● **Problem description**
Using the material below, repeat exactly the lines from the one with "Трассовые станции заслуживают" through the one with "ソフトクリームの追いはちみつ", ends included, without any images.

● **Dataset extract**
* * *

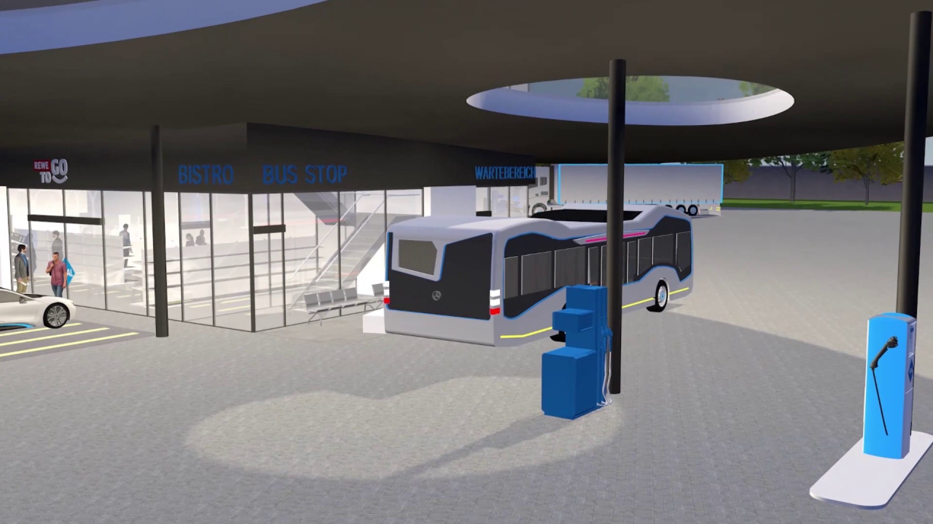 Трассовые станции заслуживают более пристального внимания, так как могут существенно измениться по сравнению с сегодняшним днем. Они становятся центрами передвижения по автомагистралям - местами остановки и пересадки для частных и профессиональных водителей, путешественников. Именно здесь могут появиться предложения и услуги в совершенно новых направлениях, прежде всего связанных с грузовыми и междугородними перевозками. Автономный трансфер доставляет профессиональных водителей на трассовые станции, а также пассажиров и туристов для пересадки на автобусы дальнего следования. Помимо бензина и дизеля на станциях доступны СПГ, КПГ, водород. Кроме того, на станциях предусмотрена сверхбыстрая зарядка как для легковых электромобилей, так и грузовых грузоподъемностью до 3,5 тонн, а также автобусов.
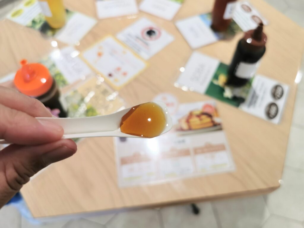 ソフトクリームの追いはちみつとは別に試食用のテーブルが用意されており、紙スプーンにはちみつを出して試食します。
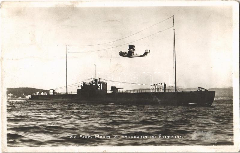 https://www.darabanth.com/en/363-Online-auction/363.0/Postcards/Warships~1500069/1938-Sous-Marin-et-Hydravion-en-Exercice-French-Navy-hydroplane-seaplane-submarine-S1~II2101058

* * *

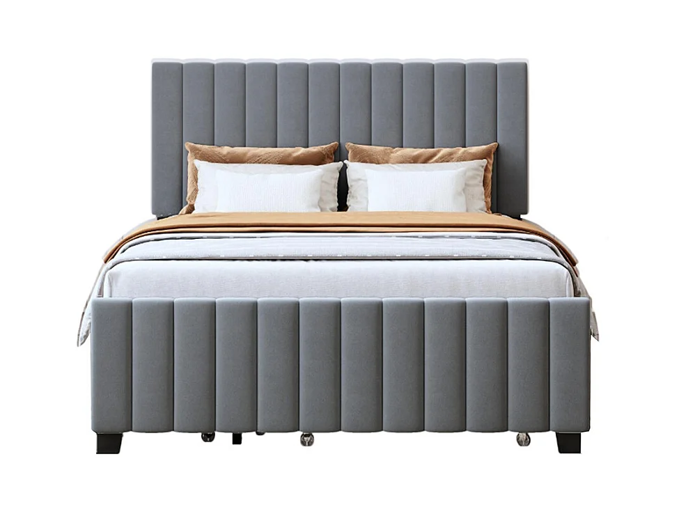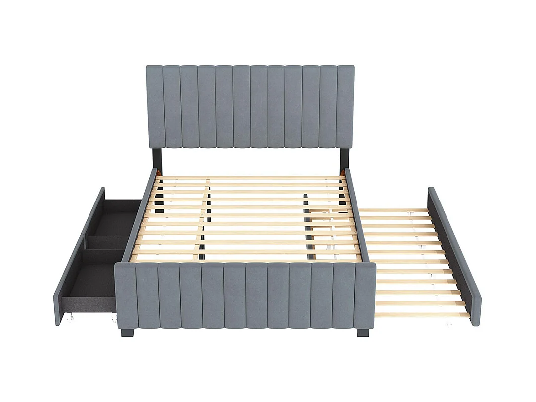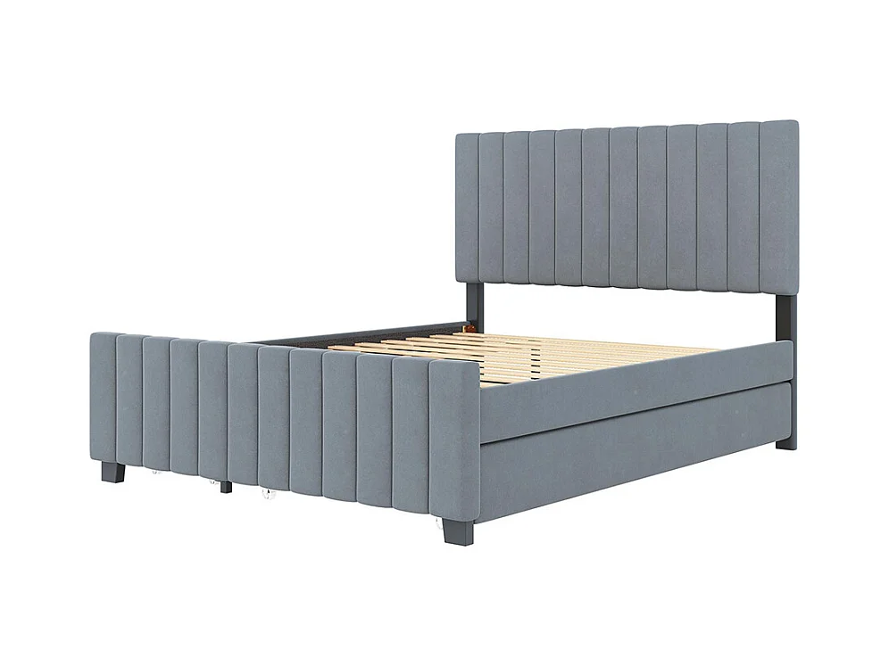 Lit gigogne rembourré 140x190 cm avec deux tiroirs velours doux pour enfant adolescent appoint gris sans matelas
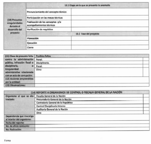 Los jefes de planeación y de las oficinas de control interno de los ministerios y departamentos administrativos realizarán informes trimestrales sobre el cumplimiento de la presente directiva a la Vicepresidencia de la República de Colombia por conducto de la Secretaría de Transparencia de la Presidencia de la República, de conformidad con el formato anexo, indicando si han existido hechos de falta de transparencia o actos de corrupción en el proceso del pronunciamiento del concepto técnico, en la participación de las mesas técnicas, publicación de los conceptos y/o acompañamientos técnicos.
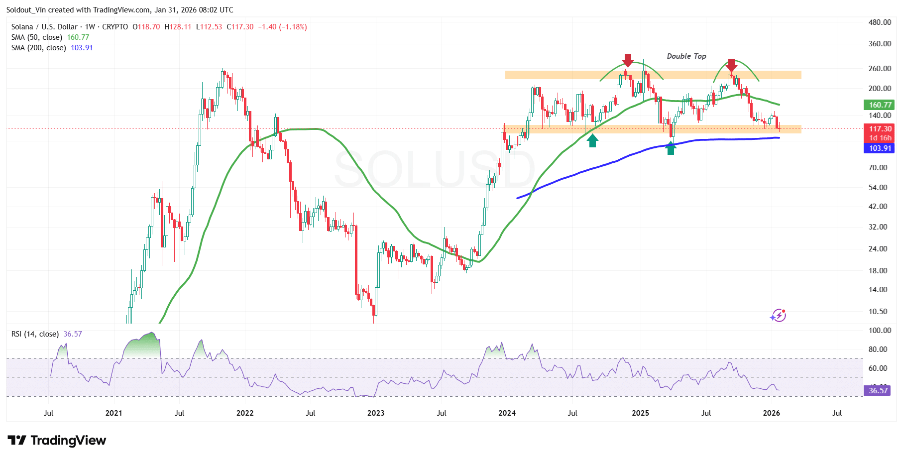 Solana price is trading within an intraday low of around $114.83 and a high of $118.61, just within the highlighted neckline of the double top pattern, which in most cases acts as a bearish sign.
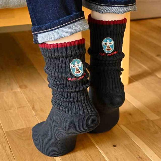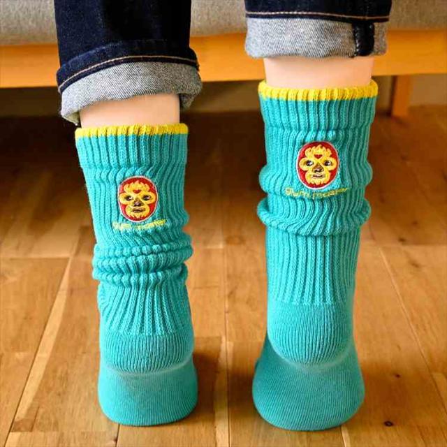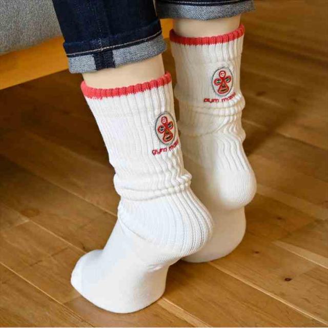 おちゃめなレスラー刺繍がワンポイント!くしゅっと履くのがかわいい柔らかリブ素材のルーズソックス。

* * *

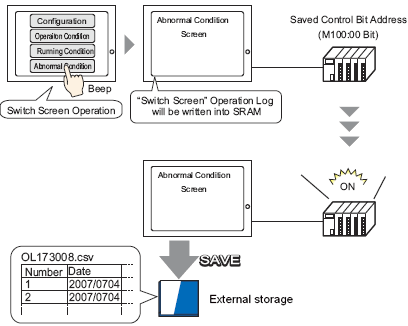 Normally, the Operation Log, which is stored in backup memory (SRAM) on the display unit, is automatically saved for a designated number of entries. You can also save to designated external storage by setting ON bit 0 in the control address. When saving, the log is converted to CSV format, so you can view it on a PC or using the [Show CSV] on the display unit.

* * *

● **Solution below**
 Трассовые станции заслуживают более пристального внимания, так как могут существенно измениться по сравнению с сегодняшним днем. Они становятся центрами передвижения по автомагистралям - местами остановки и пересадки для частных и профессиональных водителей, путешественников. Именно здесь могут появиться предложения и услуги в совершенно новых направлениях, прежде всего связанных с грузовыми и междугородними перевозками. Автономный трансфер доставляет профессиональных водителей на трассовые станции, а также пассажиров и туристов для пересадки на автобусы дальнего следования. Помимо бензина и дизеля на станциях доступны СПГ, КПГ, водород. Кроме того, на станциях предусмотрена сверхбыстрая зарядка как для легковых электромобилей, так и грузовых грузоподъемностью до 3,5 тонн, а также автобусов.
 ソフトクリームの追いはちみつとは別に試食用のテーブルが用意されており、紙スプーンにはちみつを出して試食します。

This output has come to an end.